Chicago gets lucky, dodges Oly bullet

This just in: Chicago didn’t get the 2016 Olympic games.

Lucky them. No, seriously.

The story at the Chicago Tribune is here (click) and I am being perfectly serious. I speak from experience.

Utah had an Olympic games once. We bribed people to get them — my favorite bribe was the hundreds of dollars worth of door knobs someone on the IOC got — and lobbied like heck, and spent a gazillion dollars and got out of it, as near as I can see, nothing.

OK, we got world wide fame. We got some nifty pictures on our highway overpasses. We all have drawers full of cute little pins.


We spent billions of federal welfare building up I-15 in Salt Lake County (which work was done with so much quality and foresight that chunks of it are already being torn out and re-done), sports venues for the rich to play on and who knows what else. Thousands of Utahns got short-term work at minimum wage, thousands more volunteered to work for free in exchange for the experience.

But that was it.

Ogden got bupkis out of it. All the international exposure may have made money for Earl Holding and Snow Basin, but it didn’t do anything for me, or my neighbors.

OK, it joined with the housing boom to boost the values of homes in Ogden Valley and Ogden’s bench, raising everyone’s property taxes. Some say that’s good, but the widows in Huntsville who are losing their homes because they can’t pay their taxes now may disagree.

Ogden claims to be using the afterglow of the games to boost its own effort to be a winter sports mecca. That may be true, but if  it is it was a darned expensive PR campaign, billions of dollars just so some guy in an office can tell Mayor Godfrey, “Hey, I saw you guys on TV.”

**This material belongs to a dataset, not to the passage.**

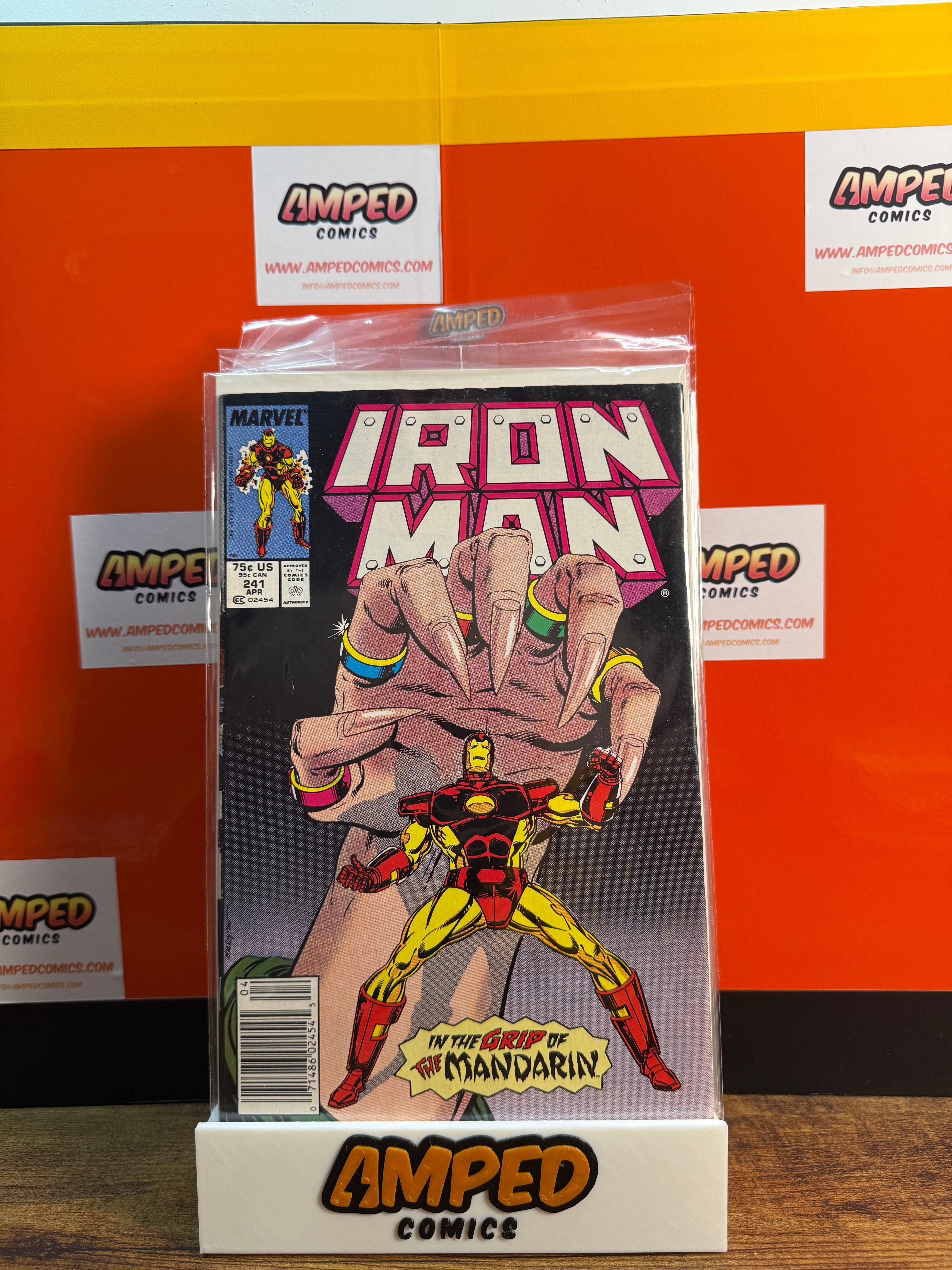Iron Man #241, published by Marvel Comics in April 1989. This issue features Iron Man in 'In the Grip of the Mandarin,' with the Mandarin as a key character. Cover art showcases Iron Man and the Mandarin's hand prominently.

Really, we could have spent a lot less money boosting Utah and gotten the same thing. Oh, wait, no, that would mean we would have to spend our own money. The Olympics let us spend federal money to spread the word of how self-sufficient, worker-friendly and anti-big government Utah is.

Sorry, I know I sound cynical, but what’s not to be cynical about the Olympic games? They meant something once, back when Jim Thorpe was losing his medals for having the gall to play pro-football one summer to make food money, but now they’re just a ticket to well-paid fame for a bunch of coddled and very rich athletes who work for advertising companies. They are a massive corporate party that moves around the planet, extorting millions, if not billions, from communities in exchange for the right to have the Olympic brilliance settle down for a couple of weeks. The towns make a little money selling pins, get some publicity, and get to clean up the mess.

The games do not create lasting economic activity. They contract with national and international corporations to do the big stuff — Mitt Romney was not a Utahn before he was hired and is not a Utahn now — sending all the big salaries right back out of town again. Any jobs created for the locals are 1-time construction or minimum wage hot dog slinging.

If the Olympic games were really about competition and fairness and all that they’d pick one spot and hold them there every four years. There’s no money in that idea, just good athletics, so it will never happen.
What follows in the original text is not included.